**MATERIAL PROVIDED**:
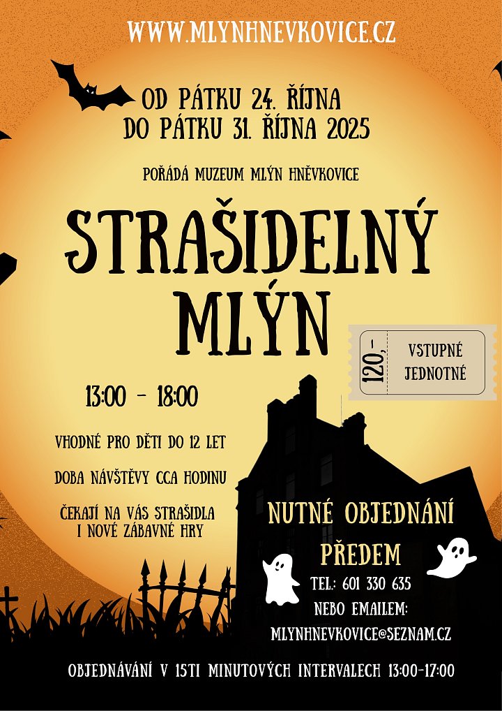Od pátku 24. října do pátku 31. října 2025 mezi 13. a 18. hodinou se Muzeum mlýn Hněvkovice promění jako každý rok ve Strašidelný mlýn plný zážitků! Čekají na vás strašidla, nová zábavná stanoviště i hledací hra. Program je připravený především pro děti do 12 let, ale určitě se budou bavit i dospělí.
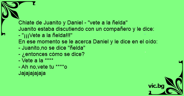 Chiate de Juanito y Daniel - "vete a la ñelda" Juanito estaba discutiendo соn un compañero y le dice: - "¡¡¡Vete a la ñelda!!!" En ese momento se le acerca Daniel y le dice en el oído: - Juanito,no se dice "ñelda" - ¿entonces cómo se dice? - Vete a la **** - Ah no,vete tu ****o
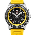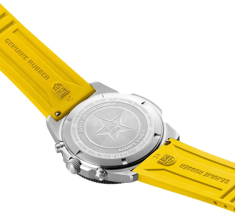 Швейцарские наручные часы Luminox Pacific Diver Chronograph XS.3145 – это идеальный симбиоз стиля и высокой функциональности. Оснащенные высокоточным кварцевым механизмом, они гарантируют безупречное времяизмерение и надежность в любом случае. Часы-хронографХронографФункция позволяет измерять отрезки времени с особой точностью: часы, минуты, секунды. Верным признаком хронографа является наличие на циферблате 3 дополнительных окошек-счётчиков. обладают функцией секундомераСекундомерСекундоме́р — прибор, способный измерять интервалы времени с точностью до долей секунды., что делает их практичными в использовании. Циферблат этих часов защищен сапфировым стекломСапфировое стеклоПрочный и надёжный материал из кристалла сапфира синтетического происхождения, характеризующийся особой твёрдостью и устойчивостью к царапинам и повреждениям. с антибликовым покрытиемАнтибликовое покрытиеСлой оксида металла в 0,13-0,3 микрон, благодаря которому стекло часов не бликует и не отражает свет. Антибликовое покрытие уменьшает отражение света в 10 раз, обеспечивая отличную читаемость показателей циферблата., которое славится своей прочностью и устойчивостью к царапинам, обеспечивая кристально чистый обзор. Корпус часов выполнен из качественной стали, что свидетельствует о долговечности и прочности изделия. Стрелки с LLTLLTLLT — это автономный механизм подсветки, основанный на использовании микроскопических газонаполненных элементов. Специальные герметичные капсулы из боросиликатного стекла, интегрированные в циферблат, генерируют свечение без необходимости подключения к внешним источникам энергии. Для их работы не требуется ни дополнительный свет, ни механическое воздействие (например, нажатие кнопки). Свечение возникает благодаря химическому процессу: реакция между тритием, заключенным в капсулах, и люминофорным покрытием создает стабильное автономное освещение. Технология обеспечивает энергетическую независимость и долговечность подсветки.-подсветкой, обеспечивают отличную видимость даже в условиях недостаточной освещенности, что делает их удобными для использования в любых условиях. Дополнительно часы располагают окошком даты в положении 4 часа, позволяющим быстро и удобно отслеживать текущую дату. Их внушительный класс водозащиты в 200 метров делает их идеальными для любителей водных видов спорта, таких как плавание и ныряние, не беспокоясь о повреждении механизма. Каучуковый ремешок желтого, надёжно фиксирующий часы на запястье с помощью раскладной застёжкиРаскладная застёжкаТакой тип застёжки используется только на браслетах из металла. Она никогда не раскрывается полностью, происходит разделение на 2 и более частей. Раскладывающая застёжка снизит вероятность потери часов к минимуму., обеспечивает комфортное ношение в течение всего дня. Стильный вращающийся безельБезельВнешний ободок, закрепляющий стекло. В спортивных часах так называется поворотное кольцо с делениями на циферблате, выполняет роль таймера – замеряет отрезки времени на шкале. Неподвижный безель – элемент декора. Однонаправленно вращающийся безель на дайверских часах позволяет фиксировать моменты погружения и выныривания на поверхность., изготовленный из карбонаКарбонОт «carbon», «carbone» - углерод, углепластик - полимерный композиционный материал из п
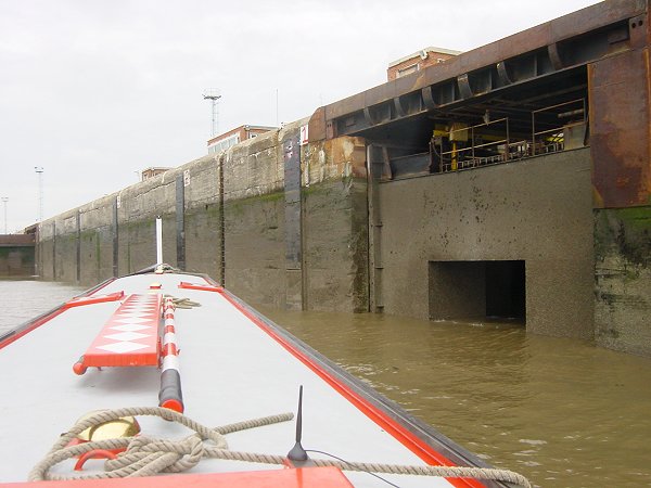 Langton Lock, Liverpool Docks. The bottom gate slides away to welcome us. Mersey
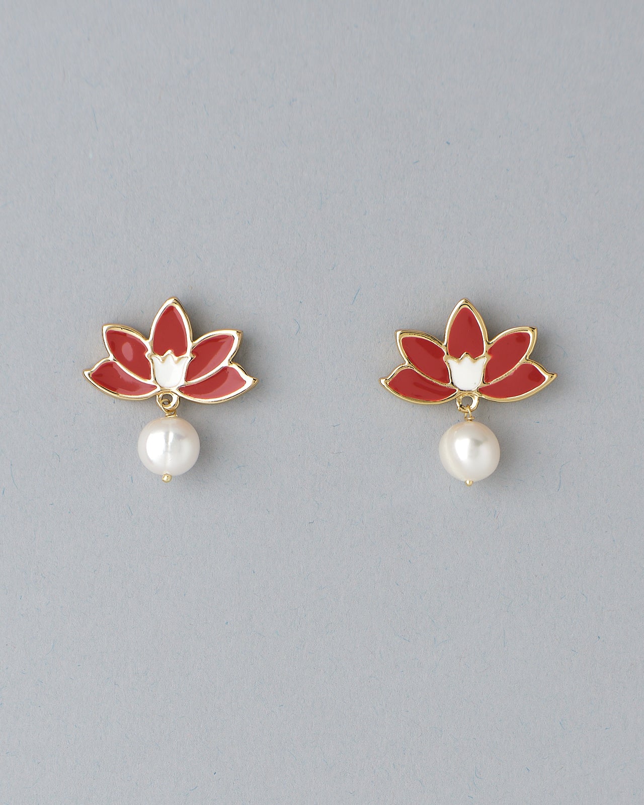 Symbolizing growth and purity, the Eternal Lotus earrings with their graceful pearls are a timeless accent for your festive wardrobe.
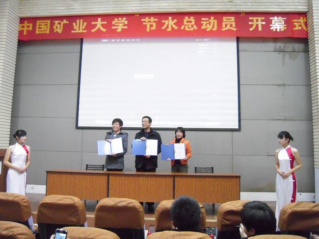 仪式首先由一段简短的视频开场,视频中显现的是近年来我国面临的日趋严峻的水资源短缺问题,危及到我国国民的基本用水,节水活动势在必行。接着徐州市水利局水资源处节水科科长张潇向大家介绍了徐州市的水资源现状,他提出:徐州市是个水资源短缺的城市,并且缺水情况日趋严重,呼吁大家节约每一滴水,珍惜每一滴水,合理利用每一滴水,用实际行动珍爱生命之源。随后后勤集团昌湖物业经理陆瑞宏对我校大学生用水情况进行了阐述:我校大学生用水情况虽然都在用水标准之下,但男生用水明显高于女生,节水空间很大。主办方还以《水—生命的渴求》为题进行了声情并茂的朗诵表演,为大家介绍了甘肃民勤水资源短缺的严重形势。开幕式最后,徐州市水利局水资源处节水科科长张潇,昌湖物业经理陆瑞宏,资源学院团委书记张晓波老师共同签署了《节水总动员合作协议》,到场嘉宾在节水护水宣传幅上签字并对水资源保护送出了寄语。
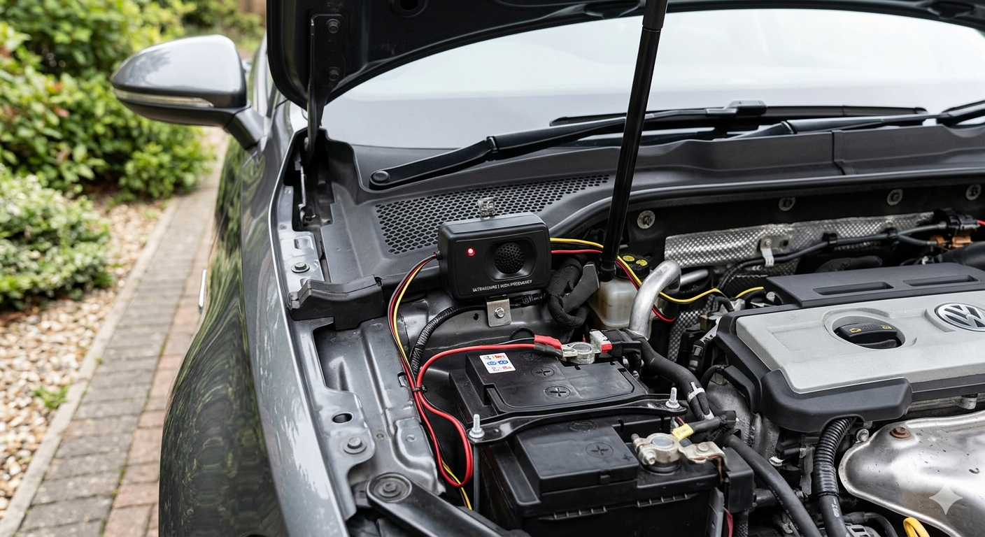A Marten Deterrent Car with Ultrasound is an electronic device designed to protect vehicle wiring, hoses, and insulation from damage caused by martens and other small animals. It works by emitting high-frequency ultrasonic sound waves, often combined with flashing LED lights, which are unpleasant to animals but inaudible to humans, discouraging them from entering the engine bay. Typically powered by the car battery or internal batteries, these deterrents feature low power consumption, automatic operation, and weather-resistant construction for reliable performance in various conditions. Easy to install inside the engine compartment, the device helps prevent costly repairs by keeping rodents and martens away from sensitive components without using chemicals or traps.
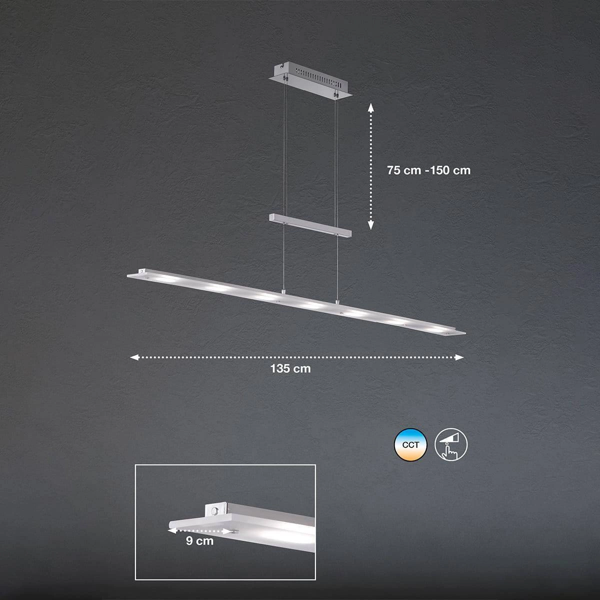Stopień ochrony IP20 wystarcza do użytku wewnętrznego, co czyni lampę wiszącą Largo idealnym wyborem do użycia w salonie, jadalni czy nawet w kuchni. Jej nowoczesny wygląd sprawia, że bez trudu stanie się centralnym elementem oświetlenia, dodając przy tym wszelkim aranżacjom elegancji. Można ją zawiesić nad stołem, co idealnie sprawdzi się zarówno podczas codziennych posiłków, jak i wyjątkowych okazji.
==
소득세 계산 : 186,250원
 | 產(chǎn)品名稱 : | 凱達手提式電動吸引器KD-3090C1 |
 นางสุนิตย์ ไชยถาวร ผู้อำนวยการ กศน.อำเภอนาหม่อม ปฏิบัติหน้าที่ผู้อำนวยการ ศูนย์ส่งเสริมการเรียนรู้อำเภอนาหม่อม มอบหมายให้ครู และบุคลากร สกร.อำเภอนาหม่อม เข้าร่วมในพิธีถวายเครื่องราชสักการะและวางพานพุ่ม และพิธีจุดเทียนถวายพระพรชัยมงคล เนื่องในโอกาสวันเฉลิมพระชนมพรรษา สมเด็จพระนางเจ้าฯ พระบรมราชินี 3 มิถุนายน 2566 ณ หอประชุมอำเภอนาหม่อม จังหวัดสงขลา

**WORK INSTRUCTIONS**:
Above are some entries; copy exactly the lines from the line with "Od pátku 24." through the line with "Chiate de Juanito", both included, but none of the pictures.

**TASK ANSWER**:
Od pátku 24. října do pátku 31. října 2025 mezi 13. a 18. hodinou se Muzeum mlýn Hněvkovice promění jako každý rok ve Strašidelný mlýn plný zážitků! Čekají na vás strašidla, nová zábavná stanoviště i hledací hra. Program je připravený především pro děti do 12 let, ale určitě se budou bavit i dospělí.
 Chiate de Juanito y Daniel - "vete a la ñelda" Juanito estaba discutiendo соn un compañero y le dice: - "¡¡¡Vete a la ñelda!!!" En ese momento se le acerca Daniel y le dice en el oído: - Juanito,no se dice "ñelda" - ¿entonces cómo se dice? - Vete a la **** - Ah no,vete tu ****o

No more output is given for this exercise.